Leading light of Lone Star State

January 1, 1990

The University of Texas at Dallas is destined for the academic top table, says David E. Daniel.

In the early 1960s, the Dallas-Fort Worth region lacked a major scientific or engineering institution. The mayor of Dallas, along with two partners (the same trio who founded Texas Instruments), set out to correct that deficiency. They began by assembling a large parcel of land and ambitiously creating the Graduate Research Center of the Southwest. By 1969, the trio declared the centre and its holdings the site of a future “MIT of the Southwest” and struck a deal with the Lone Star State to create the University of Texas at Dallas, an elite, research-oriented, exclusively PhD-granting institution. Thus UT Dallas’ tale began.

At launch, the institution was a building in the middle of a cotton field housing fewer than 100 academics and doctoral students. Nearby universities opposed it, so much so that in 1990, when UT Dallas asked the state for permission to admit freshmen, the deal hinged on two major concessions calculated to doom the fledgling institution: UT Dallas promised to admit only freshmen with extraordinarily high academic credentials and to offer no programme that would compete with those run by other local universities.

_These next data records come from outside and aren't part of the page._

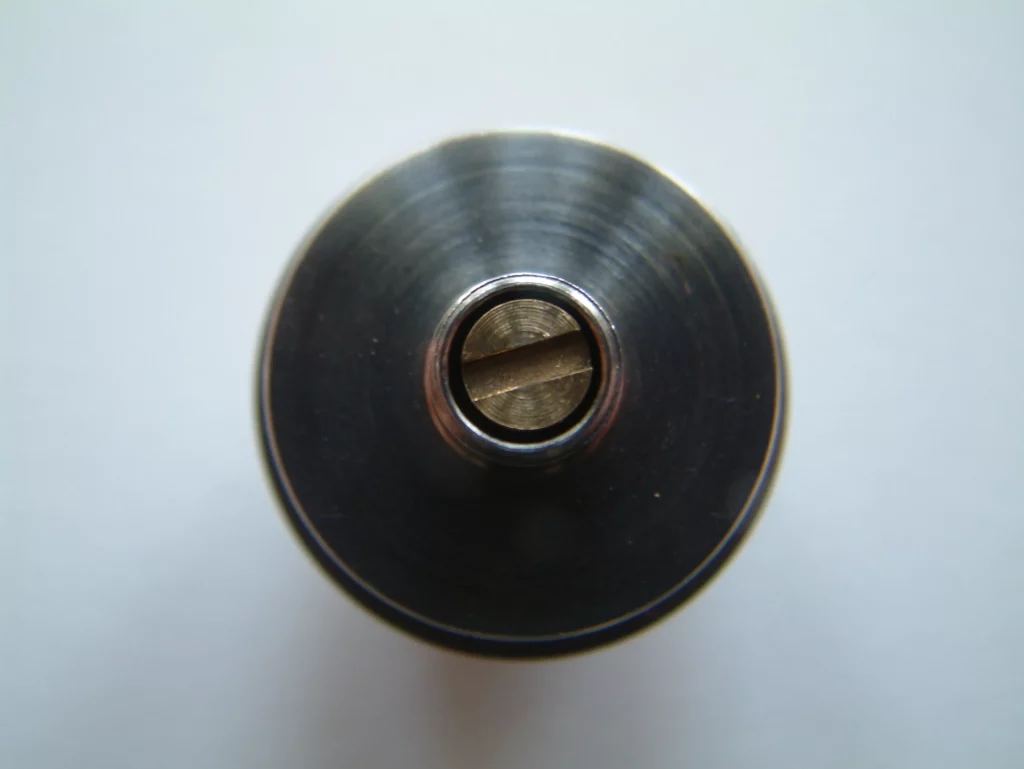 Zunächst mal die nackten Zahlen und Fakten! Die Eviva ist ein recht kompakter Verdampfer mit einem Durchmesser von 23 mm. Damit passt sie wie angegossen z. B. Auf einen Chi You, den sie bei mir schmückte. Auf den Atermon passt sie natürlich noch besser, so man die 23mm-Version sein Eigen nennt. Die Höhe ohne Drip Tip und 510er Anschluss beträgt 36,5 mm (gemessen knapp 37 mm). Sie besteht aus lebensmittelzugelassenem AISI 304L Edelstahl. Der flächige Isolator in der Base ist aus PEEK (Ketron®), einem sehr hitzebeständigen Kunststoff. Zur Fixierung der Wicklung, bzw. zur Lenkung des Zuluft-Stroms, dient entweder die klassische CE2 Keramik, oder ein kleiner Zylinder aus Edelstahl (ES-Housing; die Wicklung wird dann schwebend darüber angebracht und er dient nur dazu, die Zuluft zu kanalisieren). Diese werden in die Base gesteckt und von zwei kleinen O-Ringen gehalten. Der Einsatz der Keramik legt zunächst die Vermutung nahe, man müsse die Eviva mit Kombidrähten betreiben. Dem ist aber nicht so. Die Befestigung des Heizdrahtes erfolgt über zwei Terminals in der Base, die mit Inbus-Schrauben versehen sind.
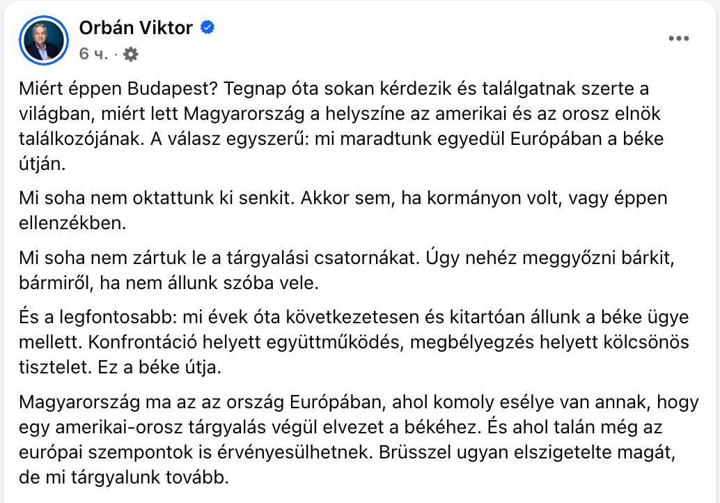 "Важко переконати будь-кого, якщо з ним не розмовляєш. Ми послідовно і наполегливо стоїмо на стороні світу. Замість конфронтації – співпраця, замість таврування – взаємна повага. Це шлях до миру", – пише Орбан.
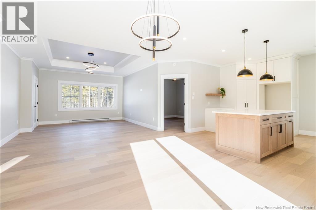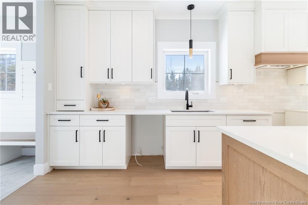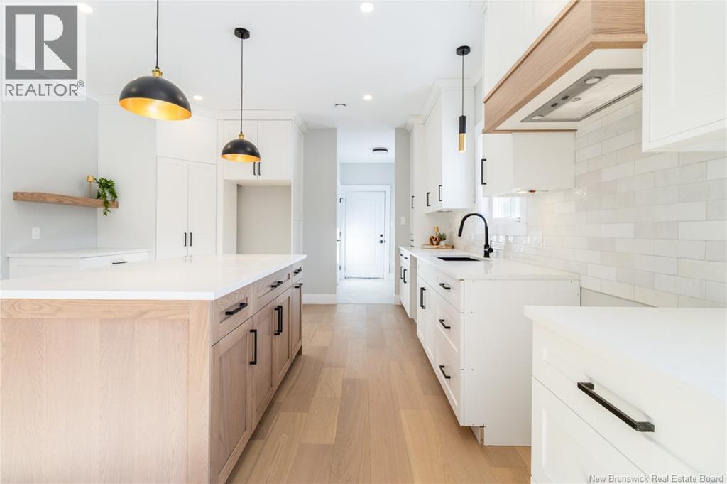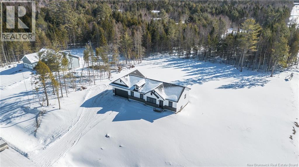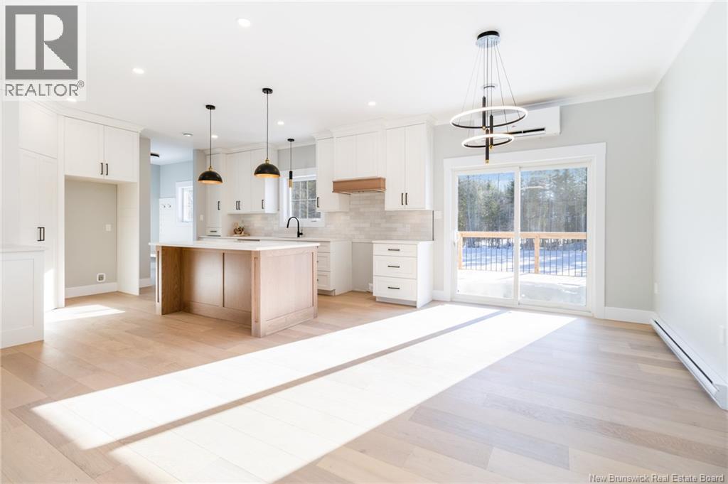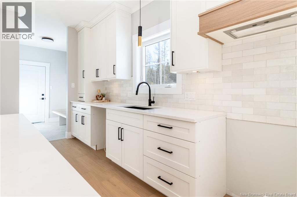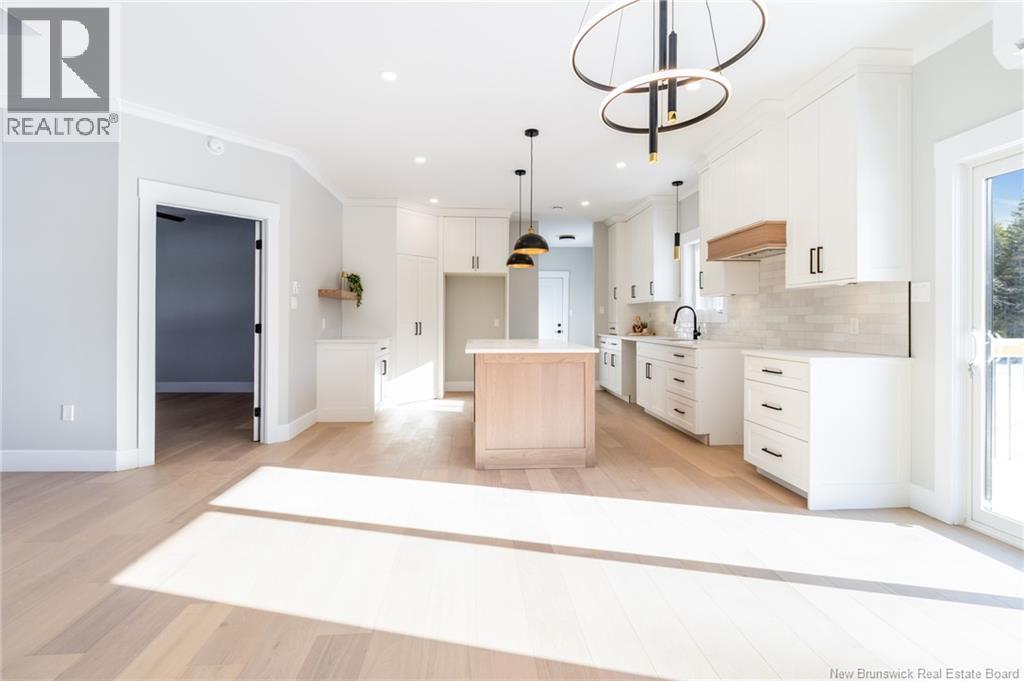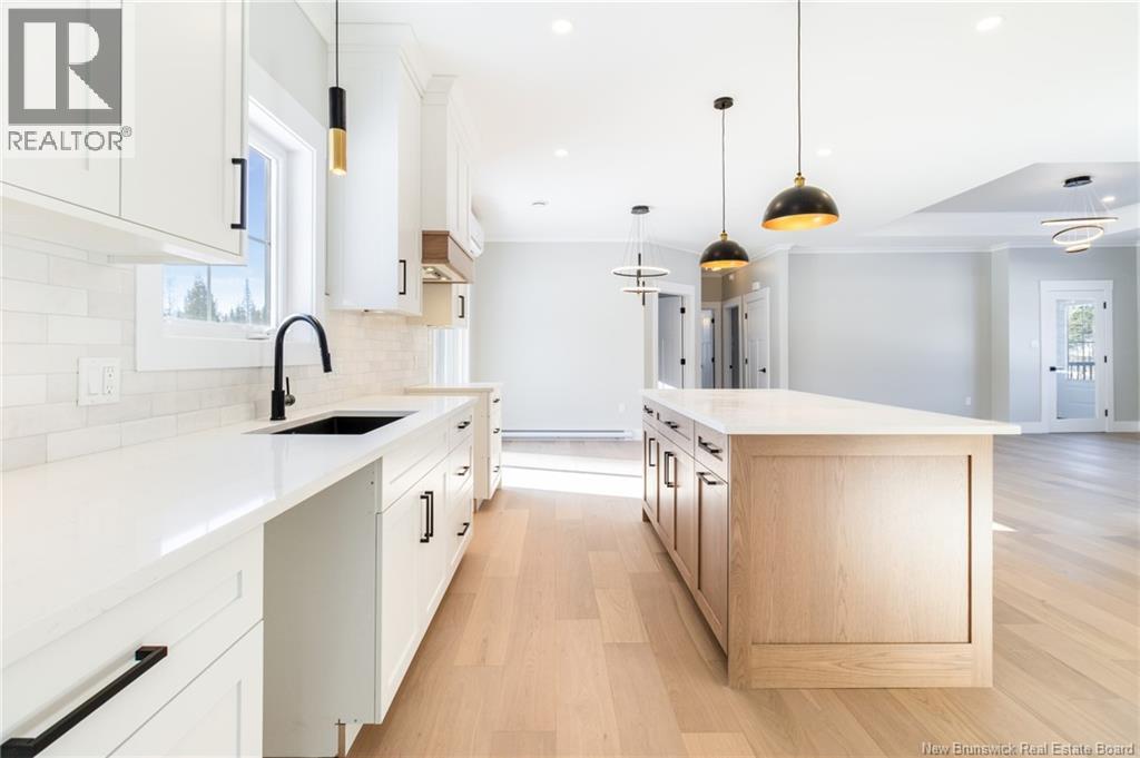 This custom-built 1,600 sq ft bungalow sits on a 1.3-acre corner lot in a desirable Fredericton North subdivision, just 15 minutes to both uptown and downtown. Featuring striking curb appeal with Novik dry stack vinyl stone, board-and-batten siding, custom metal accents, black Kohler windows, soffit lighting and added exterior foam insulation, this home is built for efficiency and style. The ICF foundation enhances durability and energy performance, while the attached insulated 2-car garage offers 8 ft doors and a 12 ft ceiling. Inside, 9 ft ceilings, crown molding and upscale finishes create a refined atmosphere. The stunning kitchen by Professional Touch Woodworking features cloud-white cabinetry, quartz countertops, under-cabinet lighting, Blanco Silgranite sink, large island, soft-close drawers and an exceptional walk-in pantry. Patio doors off the dining area lead to the deck. The bright living room offers engineered hardwood, a 10 ft tray ceiling and oversized windows. The private primary suite includes a walk-in closet and spa-like ensuite with custom tile shower, soaker tub, double quartz vanity and ceramic flooring. Two additional bedrooms and full bath are located on the opposite end. The tiled back foyer offers a custom bench with shiplap, laundry and garage access. The expansive ICF basement with egress windows and plumbing rough-in is ready for future finishing. Vendor is a licensed REALTOR® in NB. (id:34572)

Ultimately, far from dooming it, these restrictions advantaged the university. From the start, UT Dallas students have been the best of the best, and this culture of excellence is our single greatest differentiator today. The second restriction forced us into a multidisciplinary approach before such work was in vogue, inspiring a focus on programmes such as computer science, neuroscience and space science.

The legislation restricting UT Dallas was repealed in 2006, but not much changed, as the university had firmly embraced its identity as a place on the rise via a constant focus on growth and improvement. Our freshman class typically has the highest average SAT score among public universities in Texas. We have expanded from 14,000 students in 2005 to 21,000 today, with research expenditure tripling over the same period. Our goal is to ascend rapidly to the ranks of the world’s best research universities: by any measure, we are enjoying enormous success.

What are the essential factors in our progress? First, our commitment to our mission. UT Dallas’ founders focused on research, technology and their benefit to commerce and society. Today, more than 80 per cent of our degrees are in science, technology, engineering and business. We avoid mission creep.

Next is location. Dallas is one of the world’s largest and most rapidly growing metropolitan areas, with an insatiable appetite for the graduates we produce (as our founders predicted). Our success is critical to the region: among the US’ 10 most economically productive metropolitan areas, only one lacks a top-tier research university – Dallas-Fort Worth. The city urgently needs us to fill this gap – and we will.

Third is our sister institution. The University of Texas Southwestern Medical Center of Dallas is one of the US’ premier medical research universities and a critical collaborator in rapidly expanding medical research and technology work.

Next is our boldness and agility. Small young institutions are inherently nimble (of necessity) and UT Dallas’ entrepreneurial culture promotes and rewards risk-taking. The institution experimented early with creative fixed tuition policies and introduced cutting-edge, interdisciplinary programmes. This willingness to take risks is a treasured value.

And finally, money. UT Dallas occupies an expensive niche in academia: science, engineering and business, focused on quality and research, costs. We unapologetically charge the highest tuition fees of any Texan public university, yet are named year after year on the “best value” lists. One valuable resource we are able to draw on is the Permanent University Fund. This endowment, managed by the UT System, is derived from oil income. These funds can be used for constructing new facilities and make our ambitious growth plans realistic.

Like all institutions, UT Dallas faces challenges: principally, increasing awareness of the university, expanding its core infrastructure to keep up with enrolment and faculty growth, and raising private funds to support excellence.

Our biggest, most immediate challenge is building new academic buildings on campus. Since 2005, we have started or completed construction on more than $600 million (£340 million) of infrastructure additions: however, needs continue to outstrip even this aggressive programme’s output.

Private fundraising is vital to UT Dallas, as it is to every great US research university. But with a relatively young alumni group, we and our peers in the 100 Under 50 must look to companies, foundations and far-sighted individuals for the majority of our private giving. In time, alumni will play a greater role.

UT Dallas’ future is bright. Our founders got the vision and mission right; the university has upheld that mission and vision; and there’s an urgent local need for us to become one of the world’s great research universities. Success seems assured, and our leadership team’s primary job is making that goal a reality as soon as possible.

David E. Daniel is president of the University of Texas at Dallas.